No AI summary yet for this case.
Income Tax Appellate Tribunal, DELHI BENCH ‘D’ NEW DELHI
PER K.N. CHARY, JUDICIAL MEMBER Aggrieved by the order dated 17.1.2014 in Appeal No. 143/2012-13 passed by the learned CIT(A) XXXI New Delhi, assessee preferred this appeal on the following grounds: “
i. The learned CIT(Appeals), erred in law and facts by confirmed the penalty of Rs. 1,11,49,191/- levied u/s 140A(3) of IT Act, 1961. ii. The assessee craves leave for addition, modification, deletion, any of grounds of appeal either before the hearing of appeal or at the time of appeal.”
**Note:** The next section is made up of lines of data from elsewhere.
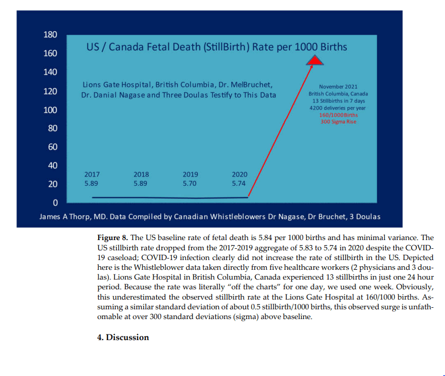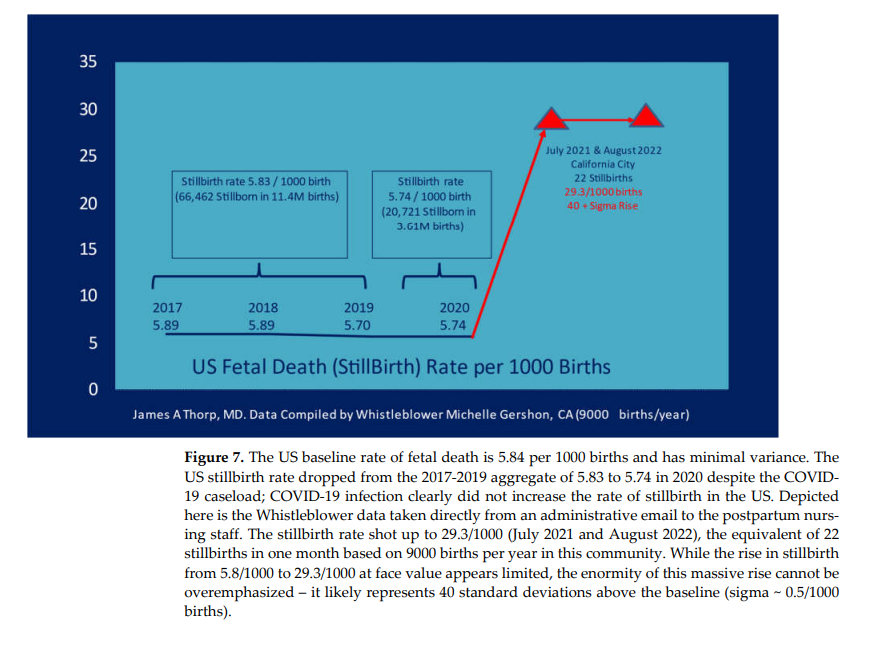 Les vaccins COVID-19, lorsqu’ils sont comparés aux vaccins contre la grippe, sont associés à une augmentation significative des EI avec tous les rapports proportionnels de déclaration > 2,0 : anomalies menstruelles, fausse couche, anomalies chromosomiques fœtales, malformation fœtale, hygroma kystique fœtal, troubles cardiaques fœtaux, arythmies fœtales, arrêt cardiaque fœtal, malperfusion vasculaire fœtale, anomalies de croissance fœtale, surveillance anormale du fœtus, thrombose placentaire fœtale, liquide amniotique faible, prééclampsie, accouchement prématuré, rupture prématurée de la membrane, mort fœtale/mortinaissance et mort prématurée du bébé (tous p les valeurs étaient bien inférieures à 0,05).
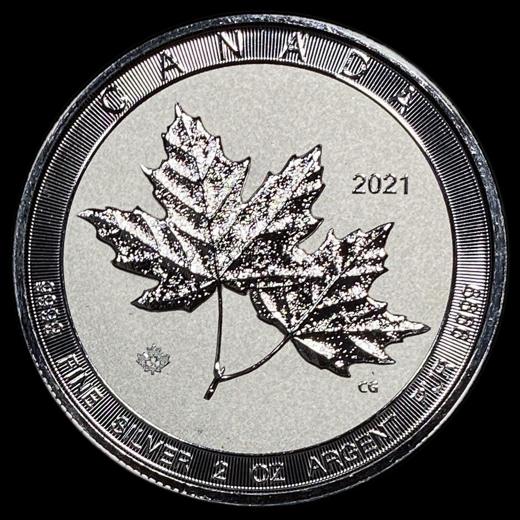 2021 Silver 2 oz Canadian Maple Leaf $10 SUPERB GEM BU
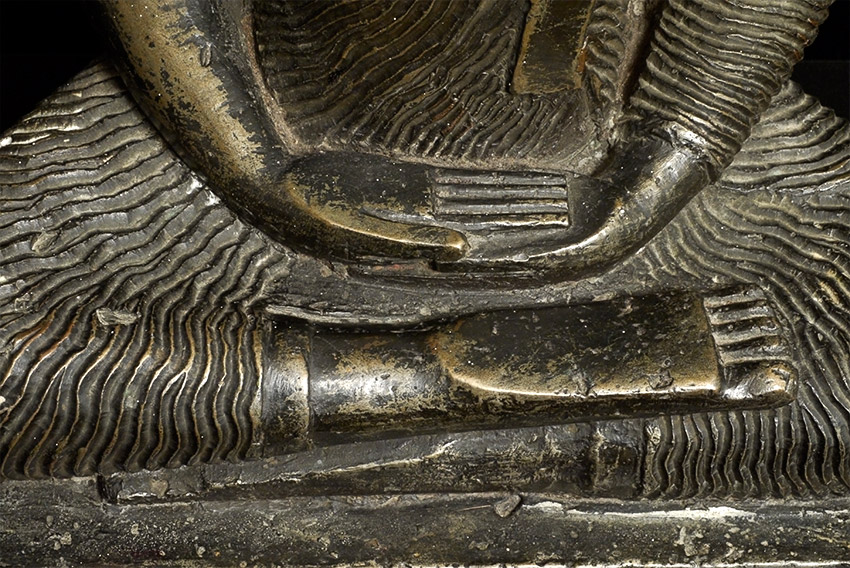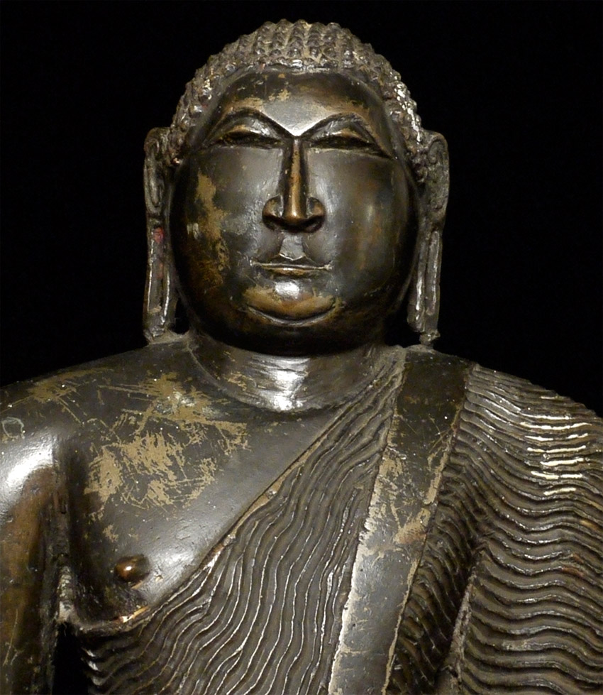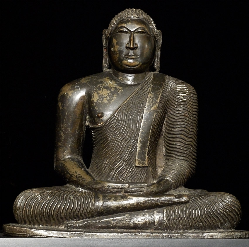Several stylistic elements—particularly the face, ears, and body proportions—clearly relate to Lankan Buddhas from 500–800 years earlier, giving this work a distinctive character unusual for the Kandy period. Unlike typical Kandy Buddhas with ears that flare outward, this example shows flatter, pulled-back ears in line with earlier Sinhala forms. Likewise, instead of the slender, androgynous bodies typical of later Kandy sculpture, this figure displays broad shoulders and thick, powerful arms, conveying a distinctly masculine presence reminiscent of early Sri Lankan bronzes. Should the dating prove significantly earlier than the 18th century, the value would increase substantially. A rare, monumental, and culturally important piece—striking in both form and physical presence.

2. Briefly stated facts are that the assessee filed the return of income for the assessment year 2010-11 on 20.5.2011 declaring total income of Rs. Rs. 2,60,46,770/- and the record reveals that as
per the computation chart filed with the return of income, the tax liability of Rs. 1,11,49,191/- was shown as payable under Section 140A of the Income Tax Act. The assessee has not paid the admitted tax liability under Section 140A(1) of the Act. While completing the assessment, the AO initiated penalty proceedings and concluded them by the levy of penalty of Rs. 1,11,49,191/- under Section 140A(3) of the Act. Appeal preferred by the assessee was dismissed by way of impugned order. Hence this second appeal by the assessee before us. 3. It is the argument of the learned AR that Section 140A as was introduced by Finance Act 1964 w.e.f. 1.9.1964 provided vide subsection (3), for the levy of penalty if the assessee fails to pay the tax or any part thereof in accordance with provisions of Section 140A but subsequently it was amended from time to time and by way of amendment by direct taxes (Amendment Act, 1983) w.e.f. 1.4.1989 it stood as follows: “If any assessee fails to pay the whole or any part of such tax [or interest or both] in accordance with the provisions of sub-section (1), he shall, without prejudice to any other consequences which he may incur, be deemed to be an assessee in default in respect of the tax [or interest or both] remaining unpaid, and all the provisions of this Act shall apply accordingly.]” and now as the section stands, it does not empower the AO to levy any penalty. In so far as this plea taken by the assessee before the learned CIT(A), Learned CIT(A) observed that Section 292B of the Act covers such incidents.
However, as could be found from the statute, section 292-B was introduced wef October 1, 1975 is to the effect that no return of income, assessment, notice, summons or other proceeding, furnished or made or issued or taken or purported to have been furnished or made or issued or taken in pursuance of any of the provisions of the Act shall be invalid or shall be deemed to be invalid merely by reason of any mistake, defect or omission in such return of income, assessment, notice, summons or other proceeding if such return of income, assessment, notice, summons or other proceeding is in substance and effect in conformity with or according to the intent and purpose of the Act. Further, by circular no. 179 dated 30th September, 1975, the scope of section 292-B was explained and it has been stated in the said circular that this provision has been made to provide against purely technical objections without substance coming in the way of the validity of assessment proceedings, etc. It is, therefore, clear that it is only to overcome certain technical objections that section 292-B can be resorted to, and where there is violation of any clear provisions of the law, section 292-B is of no help to validate any incurable legal defect.
In this matter, we are of the considered opinion that resorting to the provisions under section 140A(3) is a fundamental infirmity and not a technical irregularity, as such having considered the matter in the light of the law as on the date we are of the considered opinion that Section 140A(3) of the Act does not empower AO to initiate or levy any penalty and the proceedings are initiated. We therefore find it difficult to sustain the penalty and accordingly direct the AO to delete the same.
In the result, appeal of the assessee is allowed. The order is pronounced in the open court on 20th, 2017.